Numerous experiments have confirmed that if we label a large amount of data, then deep neural networks can achieve similar or even superhuman performance on some supervised learning tasks. However, this success comes at a price. In other words, in order to create a large data set, we often have to expend a lot of manpower, financial resources, and risk on data labeling. Therefore, for many practical problems, they do not have enough resources to construct a large enough data set, which limits the wide application of deep learning.

One possible way to solve this problem is to use a semi-supervised learning framework. Compared with supervised learning algorithms that require labeled data, the SSL algorithm can extract data structures from unlabeled data, thereby improving network performance, which lowers the operating threshold. And some recent research results also show that, in some cases, even if most of the data in a given data set has lost labels, the SSL algorithm can approach the performance of purely supervised learning.

In the face of these successes, a natural question is: Can SSL algorithms be used for real-world tasks? In this article, we believe that the answer is no. Specifically, when we select a large data set and then remove a large number of labels from it to compare the SSL algorithm and the purely supervised learning algorithm, we actually ignore the various common features of the algorithm itself.

Here are some of our findings:

If two neural networks spend the same resources on tuning parameters, the performance difference between using SSL and using only labeled data will be smaller than the experimental conclusions of previous papers.

Large, highly regularized classifiers that do not use unlabeled data tend to have strong performance, which proves the importance of evaluating different SSL algorithms on the same underlying model.

If you pre-train the model on different labeled data sets, and then train the model on the specified data set, its final performance will be much higher than using the SSL algorithm.

If the unlabeled data contains a different class distribution from the labeled data, the performance of the neural network using the SSL algorithm will drop sharply.

In fact, a small validation set prevents reliable comparisons between different methods, models, and hyperparameter settings.
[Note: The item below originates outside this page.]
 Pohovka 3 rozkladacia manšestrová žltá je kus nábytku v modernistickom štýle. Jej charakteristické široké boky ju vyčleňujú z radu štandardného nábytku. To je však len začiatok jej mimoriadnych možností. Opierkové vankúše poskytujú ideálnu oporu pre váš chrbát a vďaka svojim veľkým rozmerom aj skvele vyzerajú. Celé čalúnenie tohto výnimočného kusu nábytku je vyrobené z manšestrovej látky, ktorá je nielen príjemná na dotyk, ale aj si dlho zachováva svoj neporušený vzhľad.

Evaluation method improvement

Researchers generally follow the following process to evaluate SSL algorithms: First, select a general data set for supervised learning, delete most of the data labels; second, make the data with reserved labels into a small data set D, and put the unlabeled data Organize into a data set DUL; finally, use semi-supervised learning to train some models, and test their performance on the unmodified test set.
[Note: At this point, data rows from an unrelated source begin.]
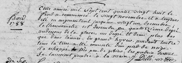 Cette année mil sept cent quatre vingt huit le froid a commencé le vingt novembre et a toujours été en augmentant jusqu’au vingt un décembre ; le thermomètre est descendu par quatorzième degré au dessous de la glace, un degré et demi plus bas que dans l’année du grand hyver. Pendant tout ce tems la terre a eté couverte d’un pied de neige. Il a échappé très peu de gibier, les perdrix surtout se laissoient prendre à la main. [Signé J. Dillé, vicaire]
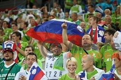 Fans of Slovenia in action during match between Greece and Slovenia in preliminary group C of Eurobasket 2015 in Arena Zagreb, Croatia on September 8, 2015
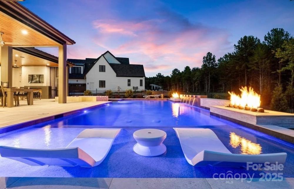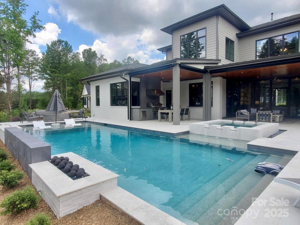 Located in Davidson Farms – Stunning Modern Home by AR Homes. This exquisite residence boasts spectacular features throughout. The primary bedroom, guest suite, and a dedicated office/den are conveniently located on the main floor, alongside a large open kitchen that includes a pass-through window to the covered porch. The great room and bar/wine room create an inviting space perfect for entertaining.Enjoy seamless indoor-outdoor living with pocketing doors leading to a covered porch equipped with remote retractable screens, a cozy fireplace, and an outdoor kitchen. A luxurious heated salt-water pool and spa add to the outdoor oasis, complemented by a 676 sq. ft. putting green featuring five cups.The kitchen is a chef's dream, featuring custom cabinetry, quartz countertops, a professional 48” range with dual ovens and six burners, plus a 48" built-in refrigerator. The spacious walk-in scullery includes a sink, dishwasher, and an additional refrigerator for ample storage.Retreat to the primary bath, which offers an oversized wet room, quartz counters, and a freestanding tub. The large, bright foyer with a floating staircase invites you into the home.Upstairs, you'll find a bonus room, club room with a wet bar, and a media room, along with three additional bedrooms, three full baths, and a half bath. There's also flex space ideal for an exercise area or playroom or walk-in conditioned storage space. Additional features include a upgraded/luxury lighting throughout, sealed crawlspace and a three-car side-load garage, making this home both practical and luxurious. Feature sheet in attachments. ***Professional photos will be uploaded on 11/7
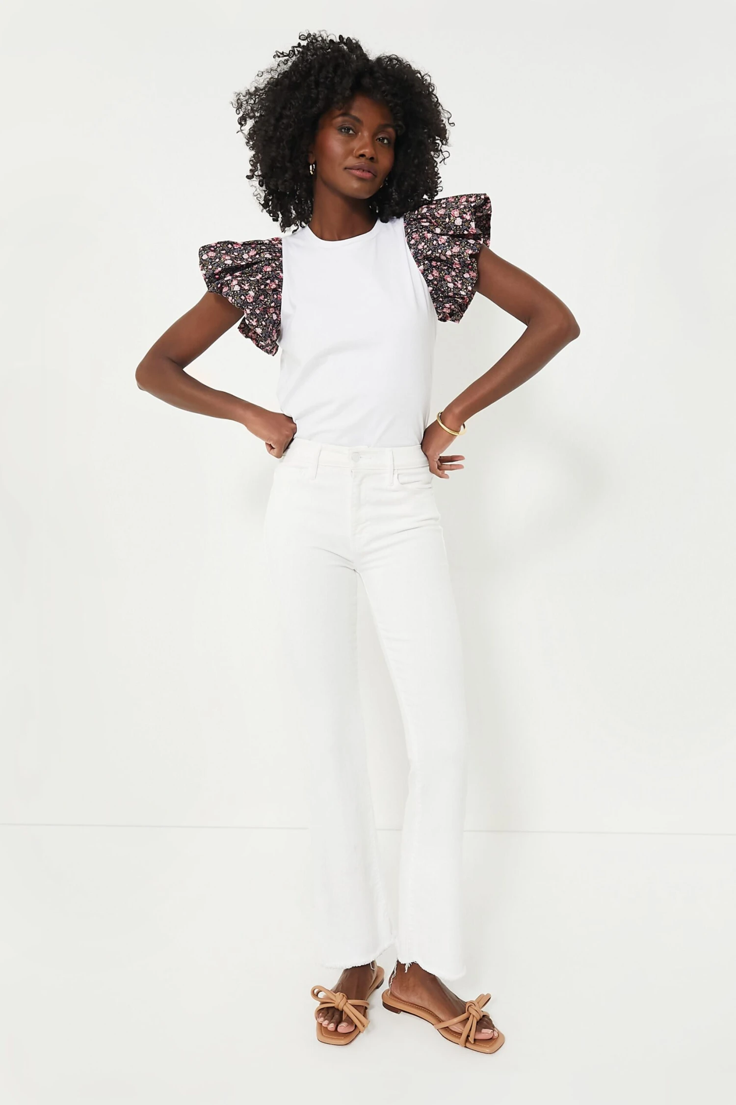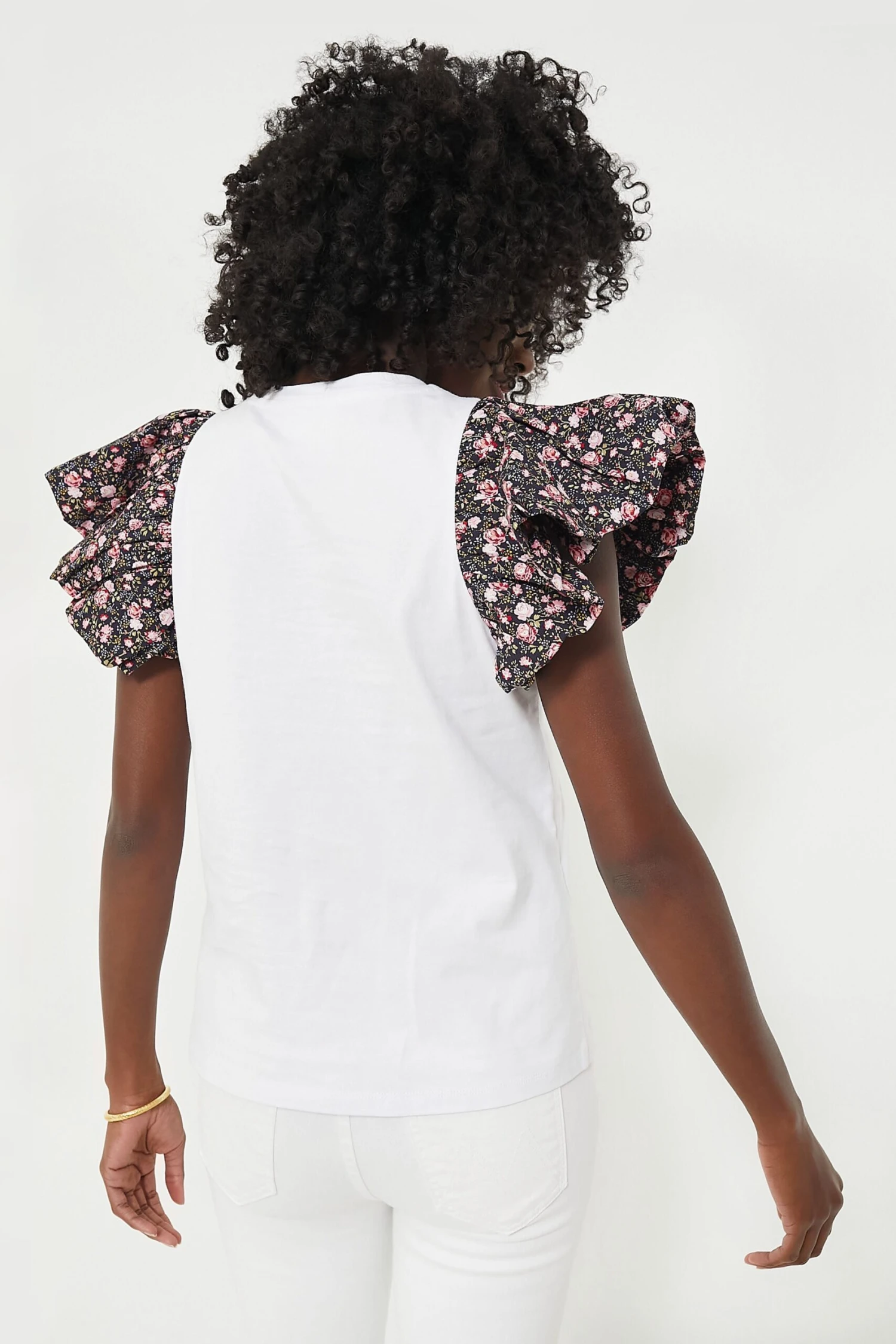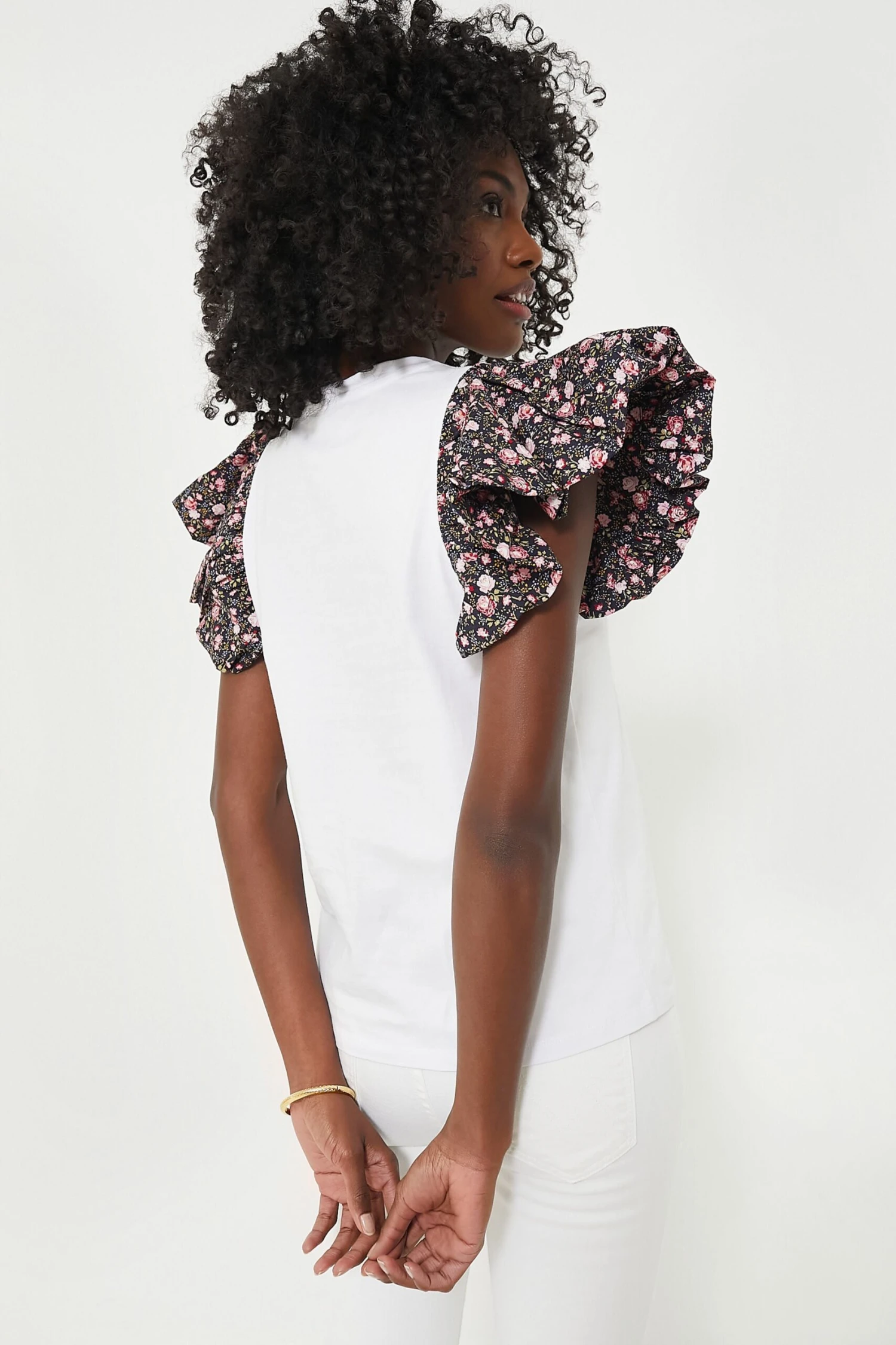 Your favorite silhouette is upgraded in the Navy Floral and White Shelby Tee. With a soft cotton t-shirt body and contrasting flutter sleeves, this top is perfect for days where you want a no-fuss style that is comfortable and easy while also being elevated. Simply pair with denim and ballet flats or shorts and sneakers for an adorable daytime look.

But the following are the shortcomings and improvements of the existing methods:

P.1 A shared implementation

The existing SSL algorithm does not consider the consistency of the underlying model, which is unscientific. In some cases, it is also a simple 13-layer CNN, and different implementations will lead to changes in some details, such as parameter initialization, data preprocessing, data enhancement, and regularization. The training process (optimization, several epochs, learning rate) of different models is also different. Therefore, if the same underlying implementation is not used, the algorithm comparison is not rigorous enough.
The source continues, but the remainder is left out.